• [REQUIRED WORK]:
After finding "9月8日下午學院2024屆畢" in the material below, output its line and every line after it through the last, exactly, but not the pictures.

• [SUPPLIED MATERIAL]:

┌──

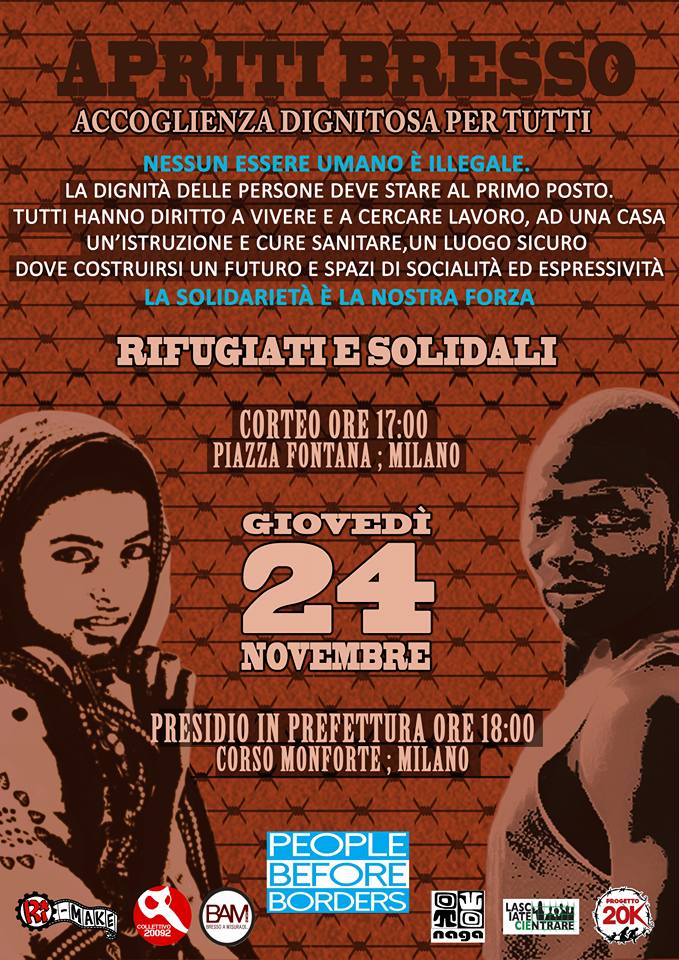 Per questo ci uniamo agli ospiti del Centro di Bresso per una manifestazione il 24 novembre 2016; il ritrovo è fissato per le 17.00 in piazza Fontana, da dove ci muoveremo insieme verso la Prefettura di Milano, in corso Monforte 31, rimanendo poi in presidio davanti alla stessa a partire dalle 18.00.
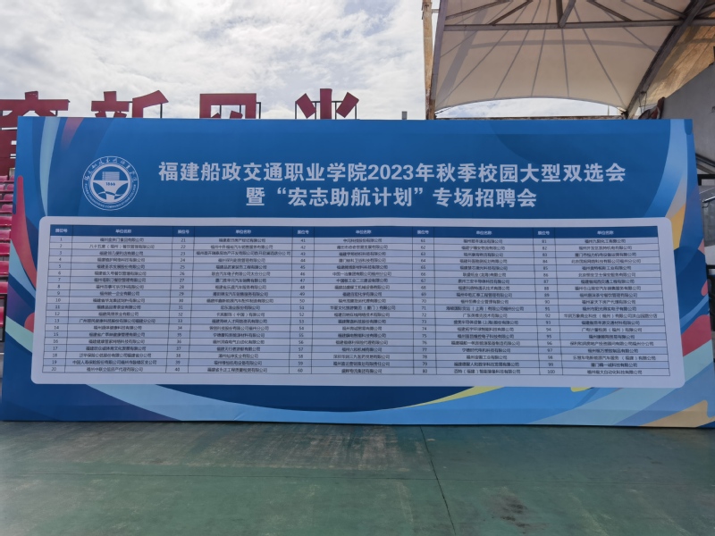 9月8日下午學院2024屆畢業(yè)生秋季校園綜合雙選會暨“宏志助航計劃”專場招聘會在青春田徑場成功舉辦。中國一冶集團有限公司、福建福船一帆新能源裝備制造有限公司、寧德時代電機科技有限公司、宏東漁業(yè)股份股份有限公司等百家省內(nèi)知名企業(yè)進校招聘,我校8000余名畢業(yè)生參會。
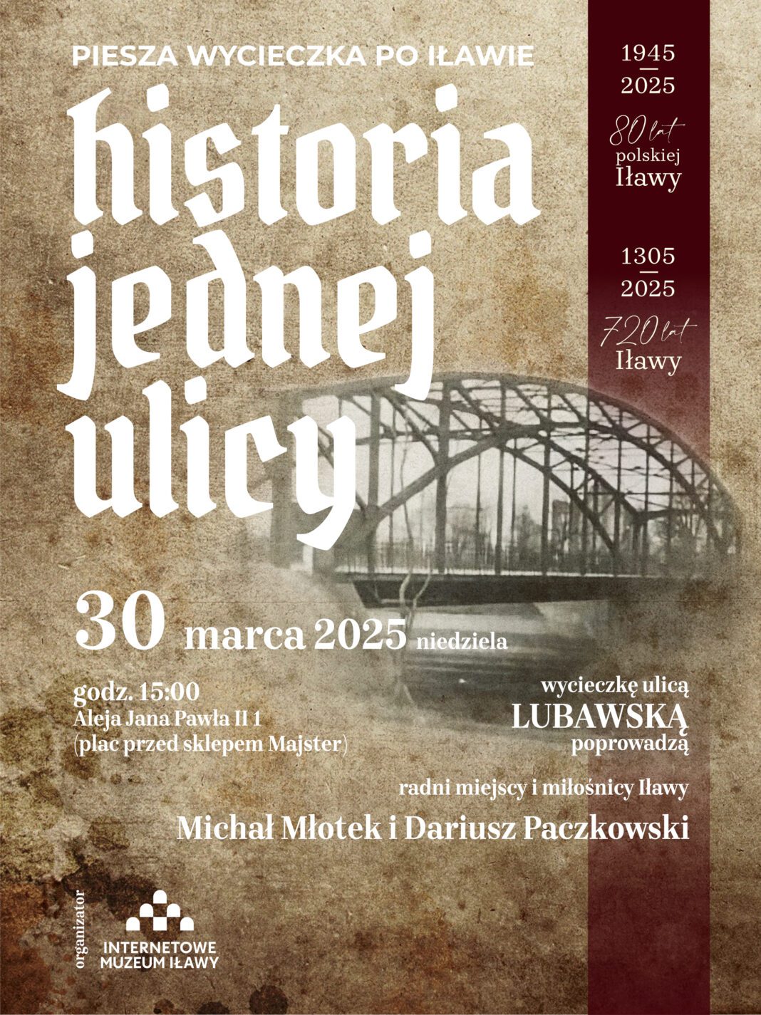 Organizatorami cyklu spacerów „Historia jednej ulicy”, które odbywają się pod szyldem Internetowego Muzeum Iławy, są radni miejscy i miłośnicy Iławy Michał Młotek i Dariusz Paczkowski.

└──

• [SOLUTION TO THIS TASK]:
 9月8日下午學院2024屆畢業(yè)生秋季校園綜合雙選會暨“宏志助航計劃”專場招聘會在青春田徑場成功舉辦。中國一冶集團有限公司、福建福船一帆新能源裝備制造有限公司、寧德時代電機科技有限公司、宏東漁業(yè)股份股份有限公司等百家省內(nèi)知名企業(yè)進校招聘,我校8000余名畢業(yè)生參會。
 Organizatorami cyklu spacerów „Historia jednej ulicy”, które odbywają się pod szyldem Internetowego Muzeum Iławy, są radni miejscy i miłośnicy Iławy Michał Młotek i Dariusz Paczkowski.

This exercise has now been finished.